Data prevalence matters when assessing species’ responses using data-driven species distribution models

Fukuda, S. & De Baets, B., 2016. Data prevalence matters when assessing species’ responses using data-driven species distribution models. Ecological Informatics, 32, pp.69–78.  link to paper

The accuracy of SDMs is highly dependent on the quality and quantity of data used such as size (i.e. the number of data points in a data set) and data prevalence (i.e. the proportion of presences in a data set) matter for SDM accuracy. Fukuda et al. (2016) investigated this observation by simulating nineteen sets of virtual species data in real habitat conditions (using field observations) and hypothetical habitat suitability curves under four conditions. Then they built SDMs in order to assess the effects of data prevalence on model accuracy and habitat information. The three SDMs they tested were the Fuzzy Habitat Suitability Model (FHSM), Random Forests (RF), and Support Vector Machines (SVMs). The effects of data prevalence on species distribution modeling were evaluated based on model accuracy (AUC & MSE) and habitat information such as species response curves. Data prevalence affected both model accuracy and the assessment of species’ response, with a stronger influence on species response curves. The effects of data prevalence on model accuracy were less pronounced in the case of RF and SVMs. Data prevalence also affected the shapes of the response curve where response curves obtained from a data set with higher prevalence were less dependent on unsuitable habitat conditions, emphasizing the importance of accounting for data prevalence in the assessment of species–environment relationships.
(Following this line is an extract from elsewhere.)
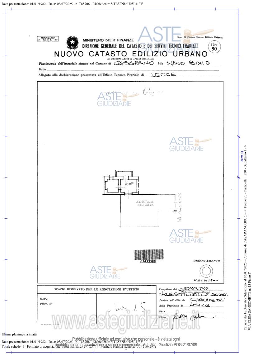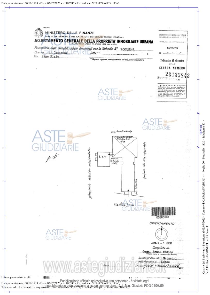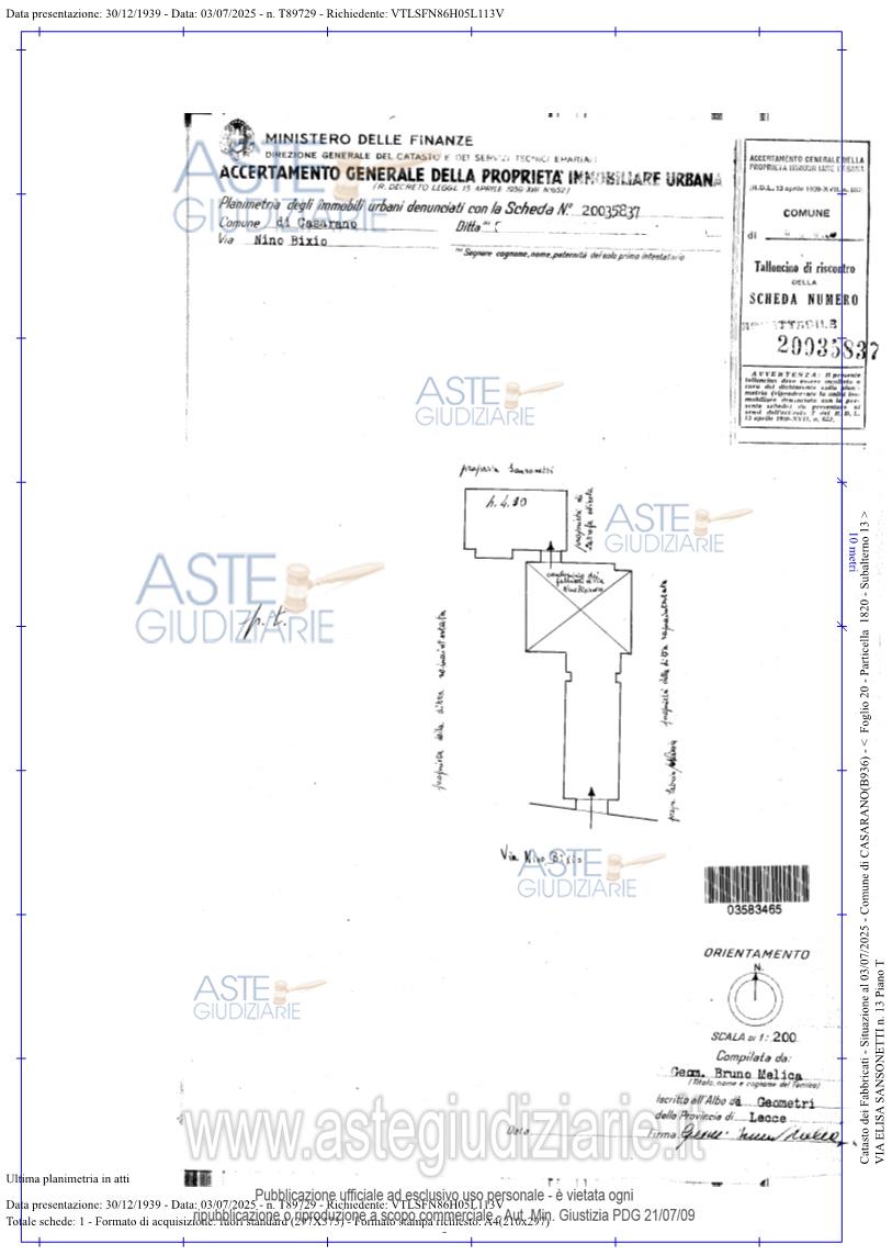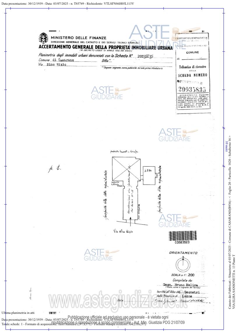 Vendita all'asta Senza incanto, con gara telematica asincrona - LOTTO UNICO: Piena proprieta’di immobile assimilabile a rustico a CASARANO in Via Sansonetti angolo via Astore snc, della superficie commerciale di 1.096,40 mq per la quota di 100/100 di piena proprietà. Immobile storico identificato come Palazzo Astore (denominato anche Palazzo Latrofa), ubicato inCasarano, in centro storico, tra via Elisa Sansonetti (già via Nino Bixio) e via Francesco Antonio Astore.L'unità immobiliare oggetto di valutazione è posta al piano terra e primo, ha un'altezza interna di 4.5 media. Prezzo base € 690.540,00 (offerta minima € 517.905,00). Data inizio operazioni di vendita: 26/05/2026 ore 10:00. Professionista delegato alla vendita Avv. Giampaolo Salvatore - Email "avvgiampaolosalvatore@gmail.com"; Cell. 3388515616; Tel. 0832315113. Custode Giudiziario Avv. Giampaolo Salvatore - Email "avvgiampaolosalvatore@gmail.com"; Cell. 3388515616; Tel. 0832315113. Rif. Tribunale di Lecce - Espropriazione immobiliare (cartabia) n. 100/2025

Taken together, these results show that data prevalence should be controlled for when building SDMs.

 

 

 

 

Insights into the area under the receiver operating characteristic curve (AUC) as a discrimination measure in species distribution modeling

Jiménez Valverde, A., 2012. Insights into the area under the receiver operating characteristic curve (AUC) as a discrimination measure in species distribution modelling. Global Ecology and Biogeography, 21(4), pp.498–507. http://doi.wiley.com/10.1111/j.1466-8238.2011.00683.x

The AUC has been popularized as an omnipotent statistic in assessing the predictive accuracy of species distribution models. Most studies rationalize using the AUC value as a means to rank models by claiming that it avoids setting arbitrary thresholds for predictive decisions. Here, this claim is examined in relation to the relatedness between the AUC and sensitivity/specificity for modeling realized and potential niches. By definition, the AUC should not depend on any particular point on the ROC curve but in both simulated and real data there was a strong relationship between AUC values and certain points (the point closest to perfect detection and the point where specificity=sensitivity) on the ROC curve. In different settings (ie. studying the realized vs. potential niche), the fact that the AUC depends on certain points could be problematic because weighting errors should not be the same in each circumstance. For instance, type 1 errors (false positives) should not count as much as false negatives in modeling potential distributions as they do in modeling realized distributions. Thus, the author suggests that instead of reporting AUC values only, reporting contingency tables with varying thresholds for sensitivity and specificity may actually give us more insight into the predictability of SDMs. Overall, I agree with the author that researchers evaluating model performance need to be aware of the problems associated with using AUC values, but I am unsure of a systematic approach that would be appropriate to reporting contingency tables with thresholded values of sensitivity and specificity.